Developing FEM in 1D

Copyright (C) 2020 Andreas Kloeckner

MIT License Permission is hereby granted, free of charge, to any person obtaining a copy of this software and associated documentation files (the "Software"), to deal in the Software without restriction, including without limitation the rights to use, copy, modify, merge, publish, distribute, sublicense, and/or sell copies of the Software, and to permit persons to whom the Software is furnished to do so, subject to the following conditions: The above copyright notice and this permission notice shall be included in all copies or substantial portions of the Software.
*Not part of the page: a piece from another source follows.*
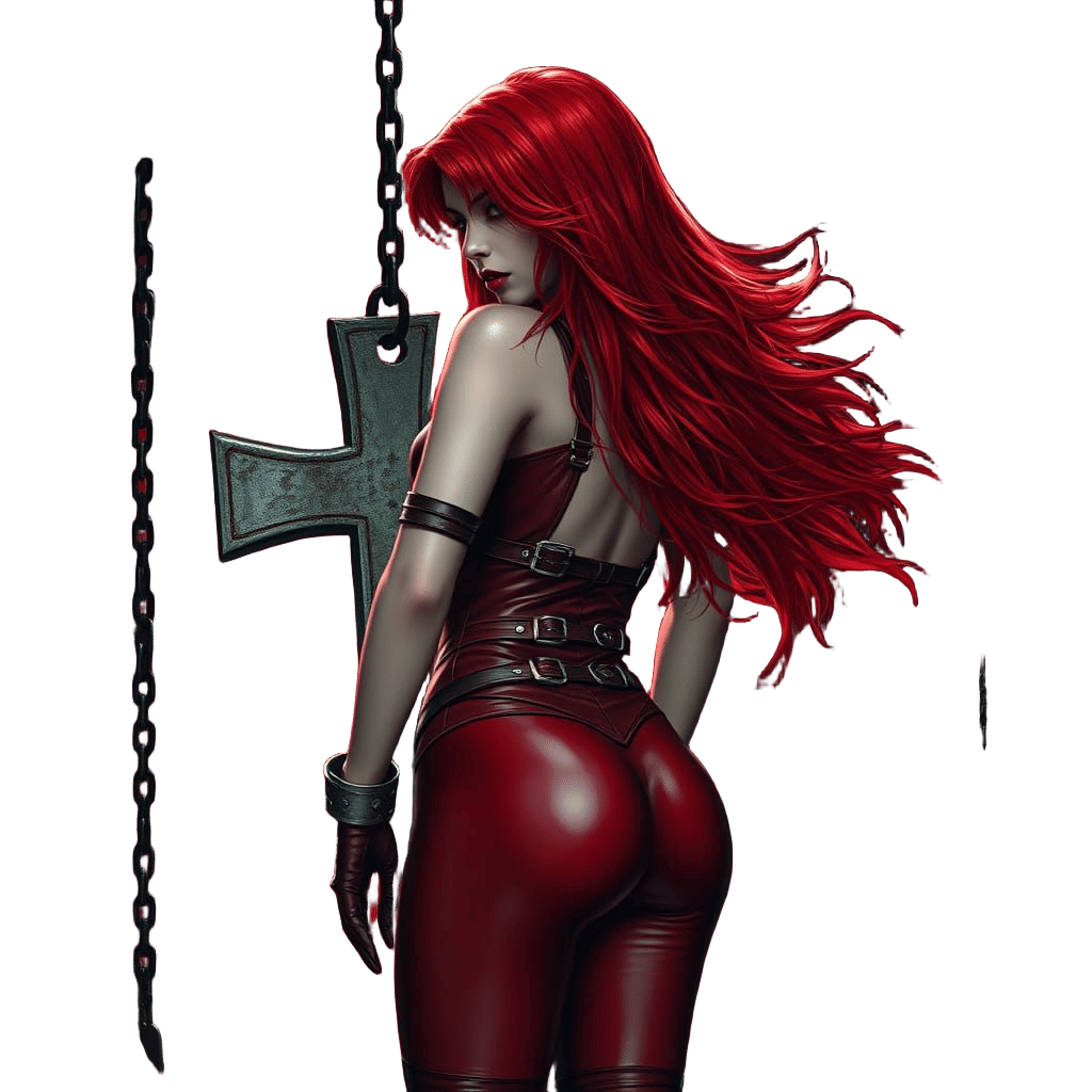 A dark and alluring image of a vampire woman in a crimson latex bodysuit, chained to a St. Andrew's cross in a foreboding cave, surrounded by ominous shadows and chains, set against a deep red background

THE SOFTWARE IS PROVIDED "AS IS", WITHOUT WARRANTY OF ANY KIND, EXPRESS OR IMPLIED, INCLUDING BUT NOT LIMITED TO THE WARRANTIES OF MERCHANTABILITY, FITNESS FOR A PARTICULAR PURPOSE AND NONINFRINGEMENT. IN NO EVENT SHALL THE AUTHORS OR COPYRIGHT HOLDERS BE LIABLE FOR ANY CLAIM, DAMAGES OR OTHER LIABILITY, WHETHER IN AN ACTION OF CONTRACT, TORT OR OTHERWISE, ARISING FROM, OUT OF OR IN CONNECTION WITH THE SOFTWARE OR THE USE OR OTHER DEALINGS IN THE SOFTWARE.
In [1]:
import numpy as np
import numpy.linalg as la
import scipy as sp
import matplotlib.pyplot as plt
import scipy.sparse as sparse
import scipy.sparse.linalg as sla

Boundary Value Problem

$$ \begin{align*} - u'' &= f(x)\\ u(0) = u(1) &= 0 \end{align*} $$
In [2]:
if 1:
    def f(x):
        return 2+0*x
    
    def uexact(x):
        return x*(1-x)
    
elif 1:
    wavenr = 5
    
    def uexact(x):
        return np.sin(wavenr * np.pi * x)
    def f(x):
        return (wavenr*np.pi)**2 * uexact(x)
    
else:
    def f(x):
        return 100*np.exp(-(x-0.5)**2 / 0.001)
    
    uexact = None

Grid Setup

V is a list of vertices. E is a list of elements (segments).

In [3]:
# number of points, crank me up
nx = 6

V = np.linspace(0,1,nx)
E = np.zeros((nx-1,2), dtype=int)
E[:,0] = np.arange(0,nx-1)
E[:,1] = np.arange(1,nx)
h = V[1] - V[0] # mesh spacing
In [4]:
if len(E) < 10:
    print(E)
[[0 1]
 [1 2]
 [2 3]
 [3 4]
 [4 5]]

COOrdinate Matrix Semantics

Note: What happened to the duplicated entry?

In [5]:
rows = [0,2,3,4,4]
cols = [4,1,2,4,4]
vals = [7,7,7,5,50]
sample_mat = sparse.coo_matrix((vals, (rows, cols))).toarray()
sample_mat
Out[5]:
array([[ 0,  0,  0,  0,  7],
       [ 0,  0,  0,  0,  0],
       [ 0,  7,  0,  0,  0],
       [ 0,  0,  7,  0,  0],
       [ 0,  0,  0,  0, 55]])

Reference Matrix

Basis functions (on [0,1]): $$ \begin{align*} \phi_1(x) &= 1-x,\\ \phi_2(x) &= x, \end{align*} $$

For both degrees of freedom in the element, figure: $$ \hat A_{i,j} = \int \phi_i'(x) \phi_j'(x) dx $$

In [6]:
Aref = np.array([
    [1, -1],
    [-1, 1]
])

Assembly Helper

In [7]:
class MatrixBuilder:
    def __init__(self):
        self.rows = []
        self.cols = []
        self.vals = []
        
    def add(self, rows, cols, submat):
        for i, ri in enumerate(rows):
            for j, cj in enumerate(cols):
                self.rows.append(ri)
                self.cols.append(cj)
                self.vals.append(submat[i, j])
                
    def coo_matrix(self):
        return sparse.coo_matrix((self.vals, (self.rows, self.cols)))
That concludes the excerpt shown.